The first article ever published on the Campaign for a Living Venice web site was on Sept. 10, 2016, entitled “Venice is Crisis: UNESCO’s Ultimatum”. After UNESCO had sent inspectors to report on the growing problems in Venice at the request of Italia Nostra-Venezia, the World Heritage Committee released a series of actions it required the city and state to take by February 2017.
The story since then is well known. Each time the Committee has seemed ready to follow the recommendations of its own inspectors and declare Venice endangered, some government action has seemingly postponed the final decree – Brugnaro’s visit to Paris with his secret report in 2017, dossiers sent to UNESCO by the government, and perhaps most well-known, the Draghi government’s decision to ban cruise ships from the Bacino di San Marco.

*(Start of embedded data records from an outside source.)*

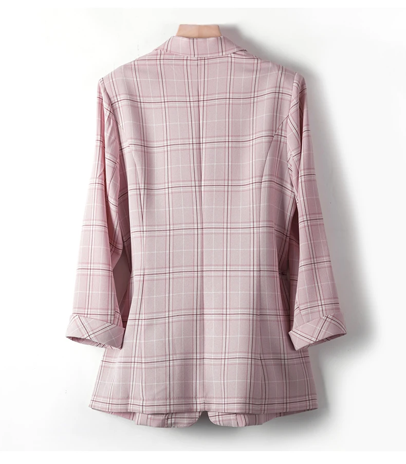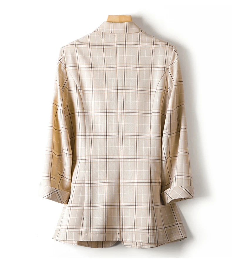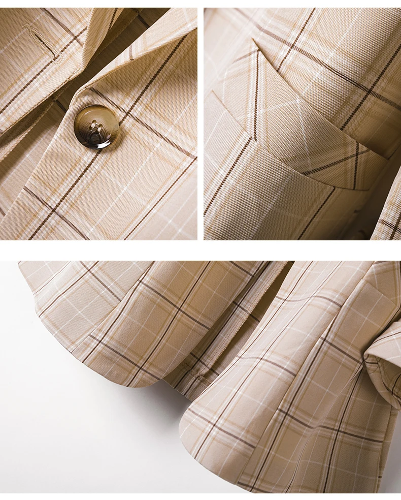 Vintage Retro Plaid Women's Blazer Long Sleeve Lapel Collar Pocket Design Casual Slim Female Coat Office Lady Clothing Tops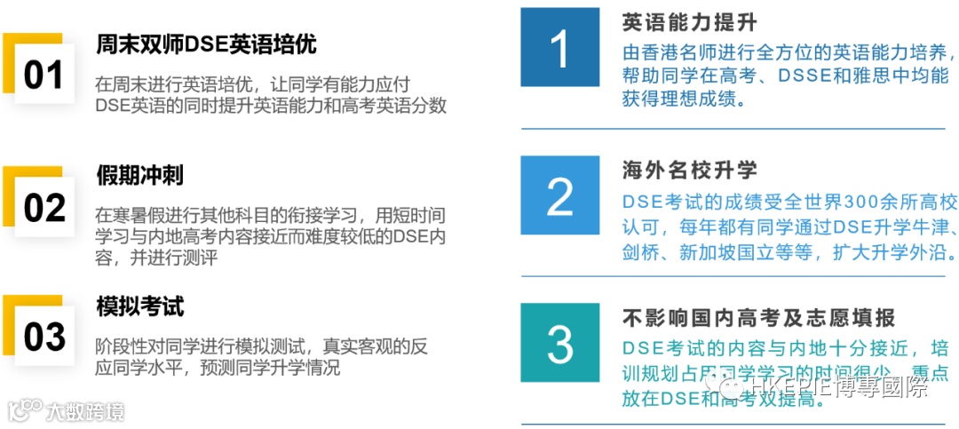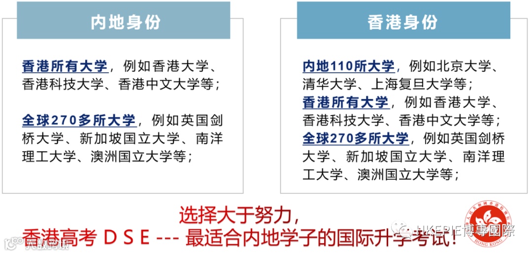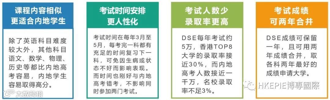 香港中学文凭考试( Hong Kong Diploma of Secondary Education Examination)(简称DSE),又称 香港高考或DSE考试,是香港本土学生考取香港大学的主要途径,此考试同时也对内地及全球 考生开放,只要符合资格均可报名参加考试,并用DSE成绩申请香港及全球 270 余所大学,其中包括香港大学、剑桥大学、新加坡国立大学、南洋理工大学、澳洲国立大学等世界名校 。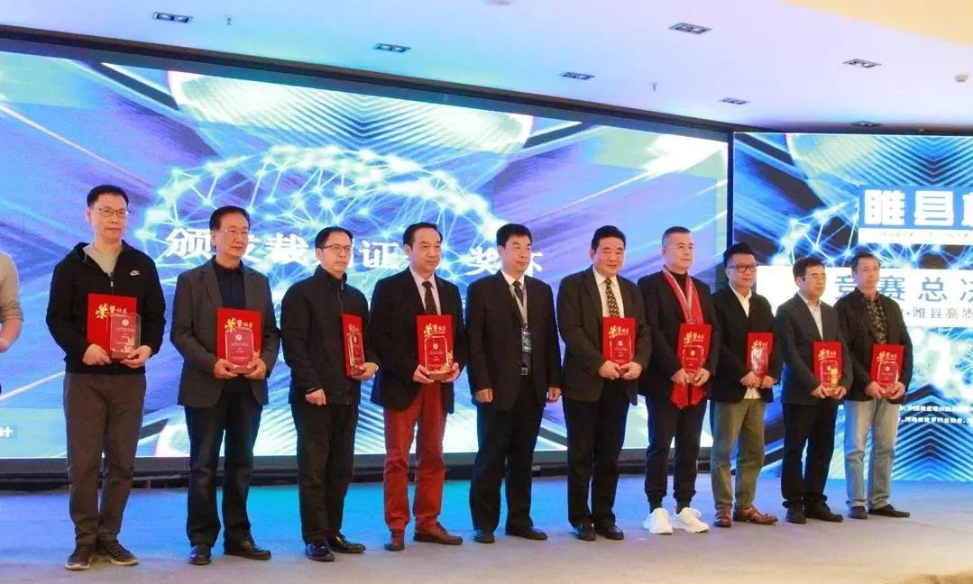 ▲睢縣人民政府縣長曹廣闊宣讀院校組一等獎名單并頒獎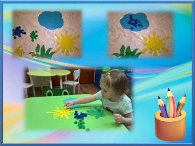 1-й вариант игры: для одного ребёнка. Перед ребёнком раскладывают элементы солнышка, тучки и травки ( желтого, селеного и синего цветов), воспитатель спрашивает у ребёнка: Какого цвета травка? (зелёного), Какого цвета солнышко (желтого), а Тучка какого цвета? (синего). После чего воспитатель предлагает ребёнку разложить пенопластовые кирпичики по цвету соответствующие солнышку , травке и тучке.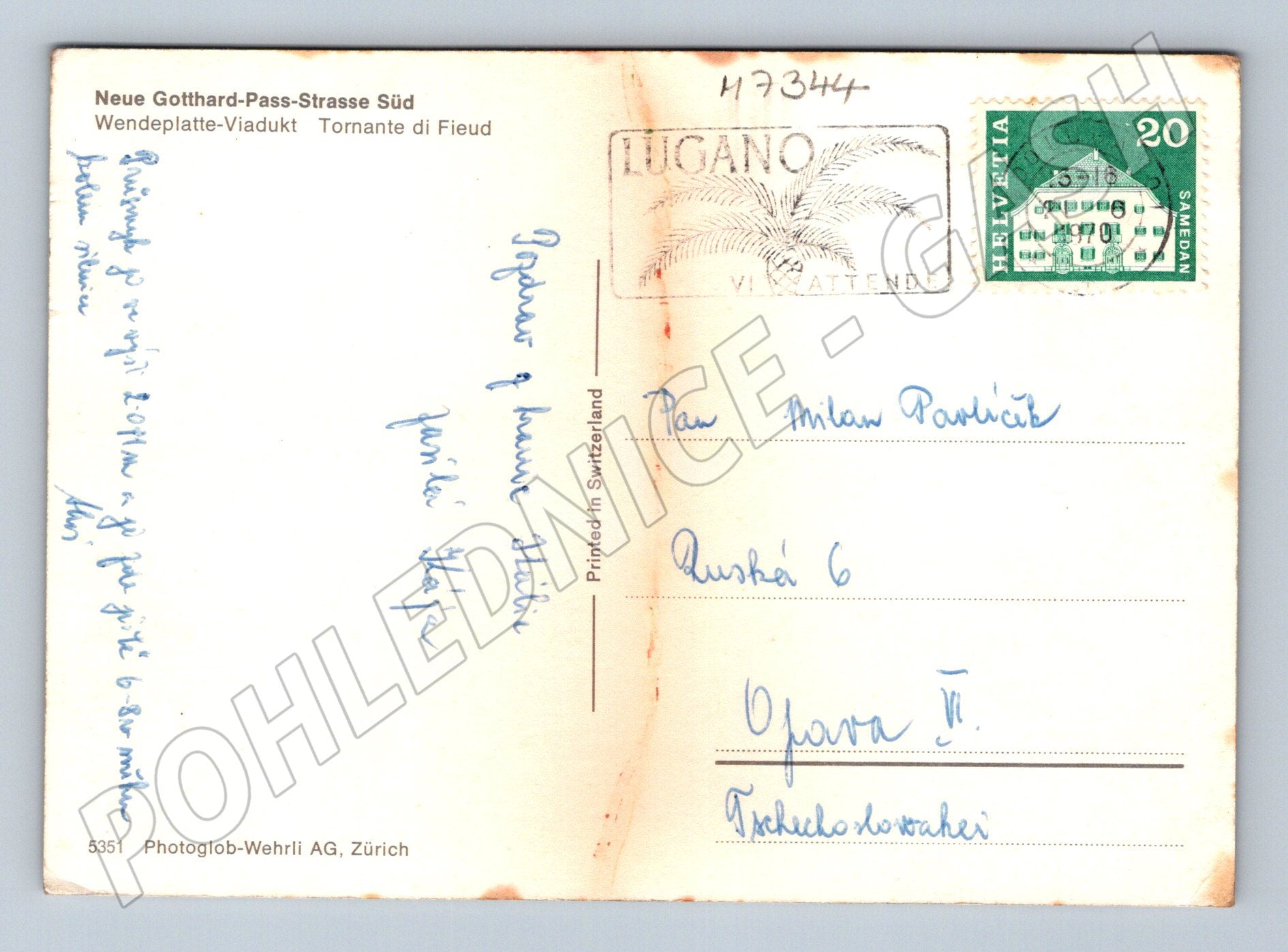 Pohlednice zobrazuje monumentální viadukt na jižní větvi švýcarské Gotthardské silnice (Neue Gotthard-Pass-Strasse Süd), konkrétně úsek Wendeplatte-Viadukt, Tornante di Fleud“ na pozadí alpské krajiny s vysokými zasněženými vrcholy. Na zadní straně pohlednice je švýcarská známka a razítko z Lugana, nechybí ani ručně psaná zpráva. Vydavatel: Photoglob-Wehrli AG, Zürich. Pohlednice je odeslaná, se stopami běžného používání a stáří.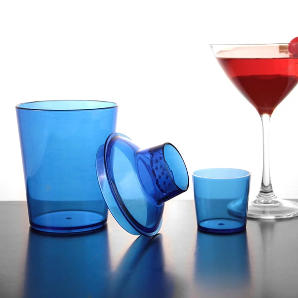 Save your arms with these lightweight colorful 3 piece plastic cocktail shakers, an essential piece of bar equipment. These plastic shakers hold up to 18 ounces and are available in four colors: red, clear, blue and smoke.

Now here we are in 2023, and once again the recommendation was to add Venice to the Endangered list. Conditions have clearly worsened by all available measures. And yet the decree was averted again… by the entrance ticket? Is it possible that the announcement that Venice would trot out its by now stale and untested idea of charging an entry fee to day visitors to the city on an ‘experimental basis’ – next April! – was really why Venice got a pass from UNESCO again?
The review of this year’s WHC session from the group World Heritage Watch suggests otherwise. In fact, WHW’s diagnosis sees the problem as systemic to UNESCO, not clever maneuvering by Brugnaro, et al., as they point out in their most recent press release:
The UNESCO body suffers from some of the same systemic flaws that cripple the UN Security Council: Member states of the World Heritage Committee can abuse their power and take politically motivated decisions contrary to the obvious facts, while civil society remains consistently excluded from its decision-making processes.
The critique offered here is particularly valuable because we learn that UNESCO’s WHC has also refused to classify other sites that are clearly in danger:
WHW considers the most blatantly wrong decisions to be the committee’s refusal to inscribe de-facto acutely endangered sites on the “List of World Heritage in Danger”, such as Venice, the fortress and cultural landscape of Diyarbakir, and the volcanoes of Kamchatka, “although this had been recommended by its own expert Advisory Bodies” (emphasis mine).
Sites where ongoing destruction is taking place, such as the Victoria Falls in Zambia/Zimbabwe, and the Sundarbans, the largest mangrove forest on earth in Bangladesh, Historic Cairo and the Acropolis of Athens, were not even scheduled for inscription on the so-called “Red List”; in the case of the Acropolis, Greece – itself a committee member – had prevented the site from even appearing on the agenda.”
WHW goes on to point out that the WHC was more than willing to add new sites to the list, against the recommendations of its own Advisory Bodies and contrary to its own ethical code:
Conversely, the World Heritage Committee knew little restraint in inscribing new sites on the World Heritage List. Out of a total of 50 nominations, in 16 cases the Committee inscribed sites “against the recommendation of the expert Advisory Bodies” (again emphasis mine)… and 14 had been submitted by member states of the Committee itself – contrary to a request of an earlier Committee that states should refrain from submitting nominations while they are members of the Committee, in order to avoid the appearance of bias or political influence.”
So, how are we to trust a body that ignores “the recommendations of the expert Advisory Bodies” and allows political influence to bias its decisions? World Heritage Watch has its own specific recommendations:
We therefore call on the 195 States Parties to the World Heritage Convention to initiate a reform of the Rules of Procedure of the World Heritage Committee at their General Assembly in Paris in November to remedy glaring abuses, and to elect states to the Committee that offer greater guarantees of adhering to the spirit and letter of the World Heritage Convention. There is also an urgent need to enshrine a sanctions regime that takes effect when certain objectively verifiable facts are established.
An urgent need indeed. The current system is clearly dysfunctional, and as WHW Chair Stephan Doempke rightly states, “The common heritage of humanity is being brought to ruin before everyone’s eyes”.